§ **ABOUT THIS EXERCISE**
Set down the data again exactly. Pictures are not part of the copy.

Excerpts from a dataset

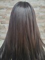 色落ちしやすい方なのでグレー系のカラーで暗くしました。色落ちしてもオレンジっぽくならないようにブラウンを使わず暗くしました(^^)ダメージを気にしていたので痛みの少ないにGLTトリートメントカラーでカラーリングをしました☆
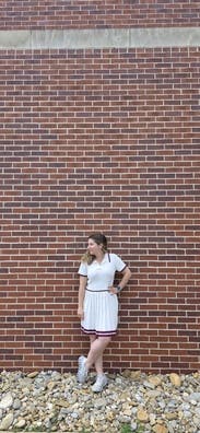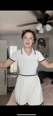I felt like a glamorous tennis player or golfer from the 1920s or 1930s in this beautifully crafted athletic dress. The fabric is thick and luxurious, offering both comfort and style. This was my first time renting from this designer, and since I was between sizes, I decided to go with the larger option. While I might have been able to size down, the larger fit still complements my figure perfectly.
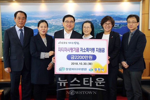 창원시가 10월 30일 오후 4시 30분 허성무 창원시장과 창원파티마병원 박정순 병원장, 창원시지역아동센터연합회 이영희 회장 등이 참석한 가운데 저소득아동 지원을 위한 기탁식을 가졌다.
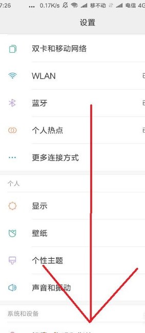 7.進(jìn)入設(shè)置界面后,將頁面往下方劃,找到“系統(tǒng)和設(shè)備”一欄,然后在這欄的最下方有一個(gè)“更多即供雞她紅蘭格發(fā)迅科設(shè)置”,點(diǎn)擊并進(jìn)入更多設(shè)置。
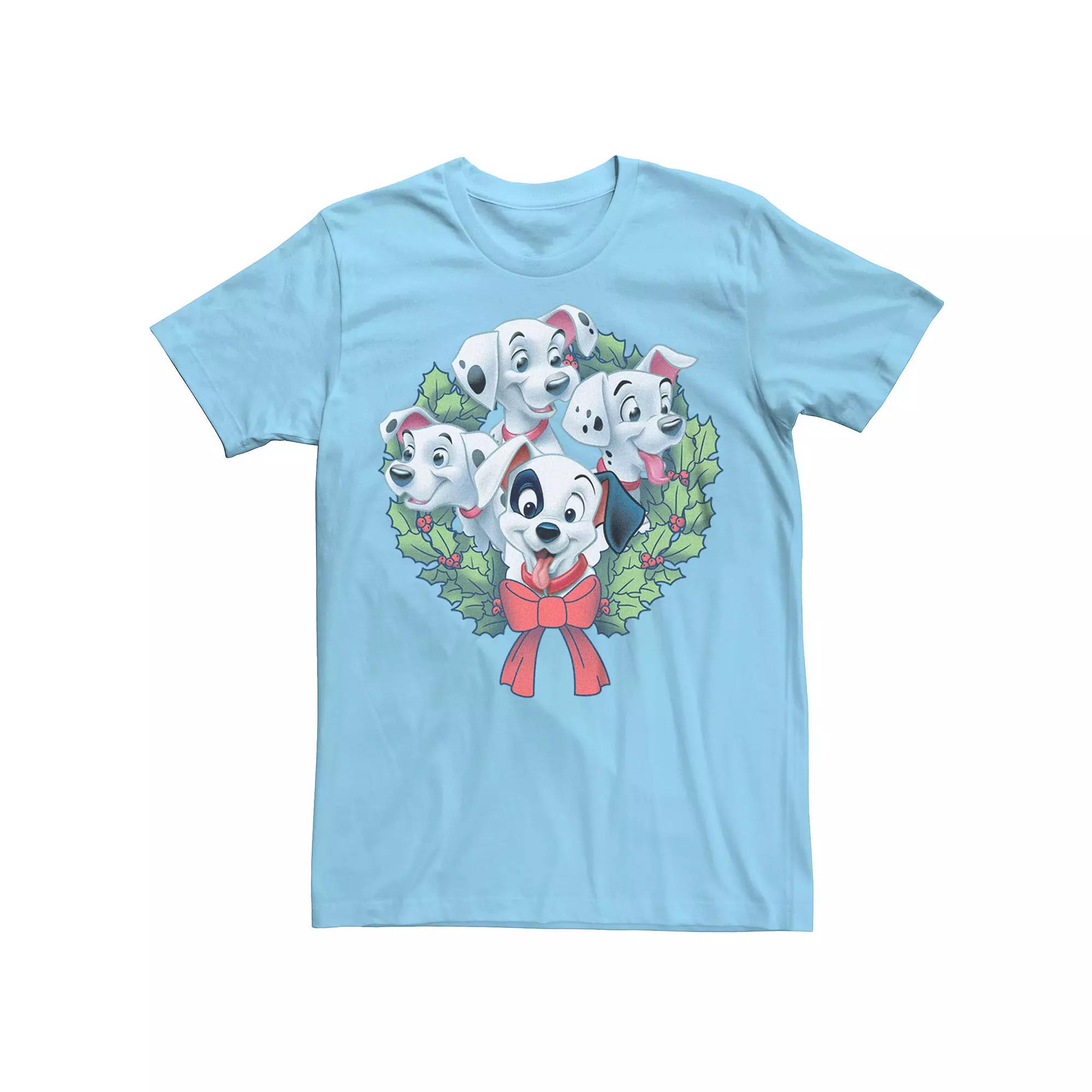 Disney's 101 Dalmatians Men's Puppies Christmas Wreath Tee,
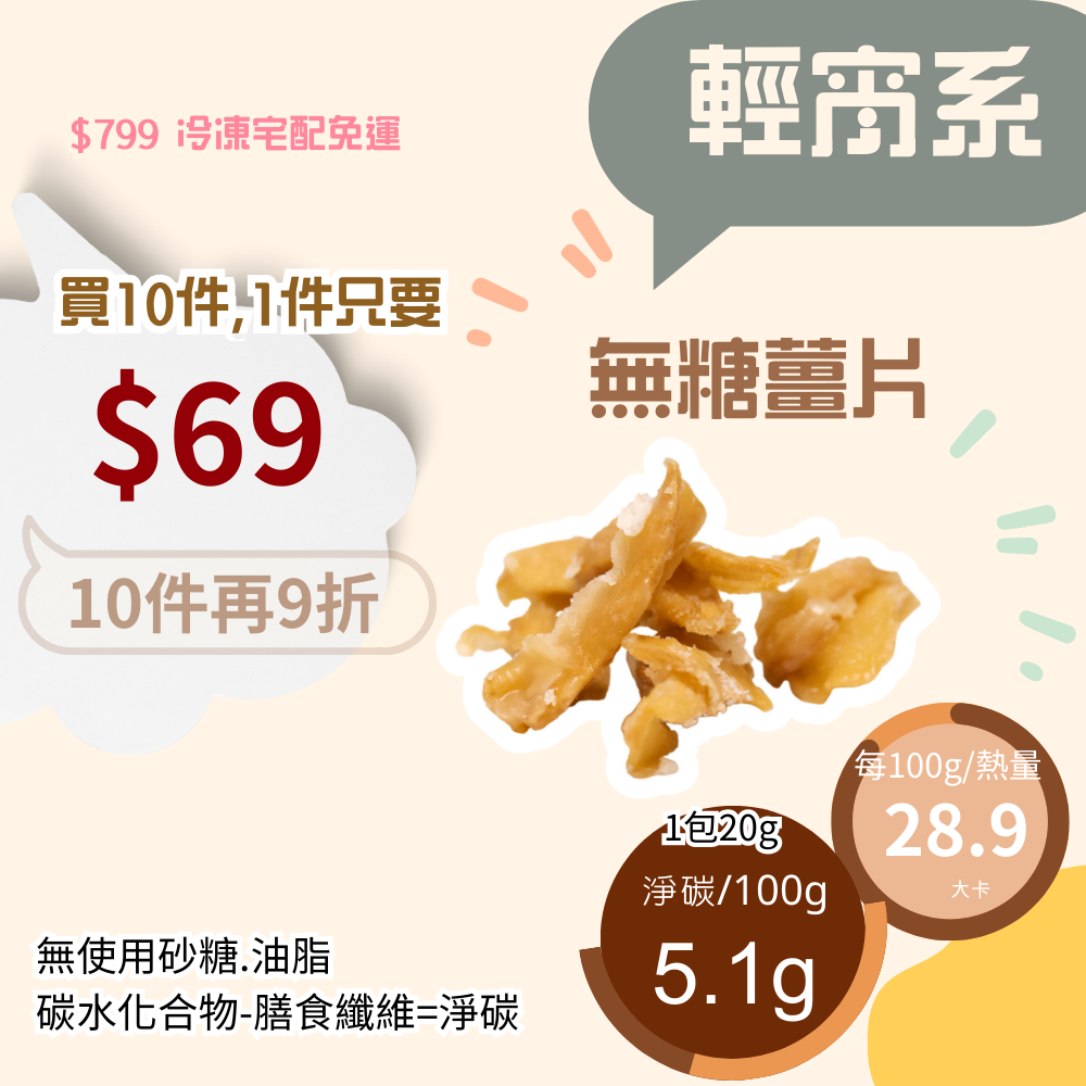 黃正宜低卡餐 無糖薑片 一包3大卡|淨碳0.6g 異麥芽寡糖 赤藻糖醇

§ **RESPONSE**
 色落ちしやすい方なのでグレー系のカラーで暗くしました。色落ちしてもオレンジっぽくならないようにブラウンを使わず暗くしました(^^)ダメージを気にしていたので痛みの少ないにGLTトリートメントカラーでカラーリングをしました☆
I felt like a glamorous tennis player or golfer from the 1920s or 1930s in this beautifully crafted athletic dress. The fabric is thick and luxurious, offering both comfort and style. This was my first time renting from this designer, and since I was between sizes, I decided to go with the larger option. While I might have been able to size down, the larger fit still complements my figure perfectly.
 창원시가 10월 30일 오후 4시 30분 허성무 창원시장과 창원파티마병원 박정순 병원장, 창원시지역아동센터연합회 이영희 회장 등이 참석한 가운데 저소득아동 지원을 위한 기탁식을 가졌다.
 7.進(jìn)入設(shè)置界面后,將頁面往下方劃,找到“系統(tǒng)和設(shè)備”一欄,然后在這欄的最下方有一個(gè)“更多即供雞她紅蘭格發(fā)迅科設(shè)置”,點(diǎn)擊并進(jìn)入更多設(shè)置。
 Disney's 101 Dalmatians Men's Puppies Christmas Wreath Tee,
 黃正宜低卡餐 無糖薑片 一包3大卡|淨碳0.6g 異麥芽寡糖 赤藻糖醇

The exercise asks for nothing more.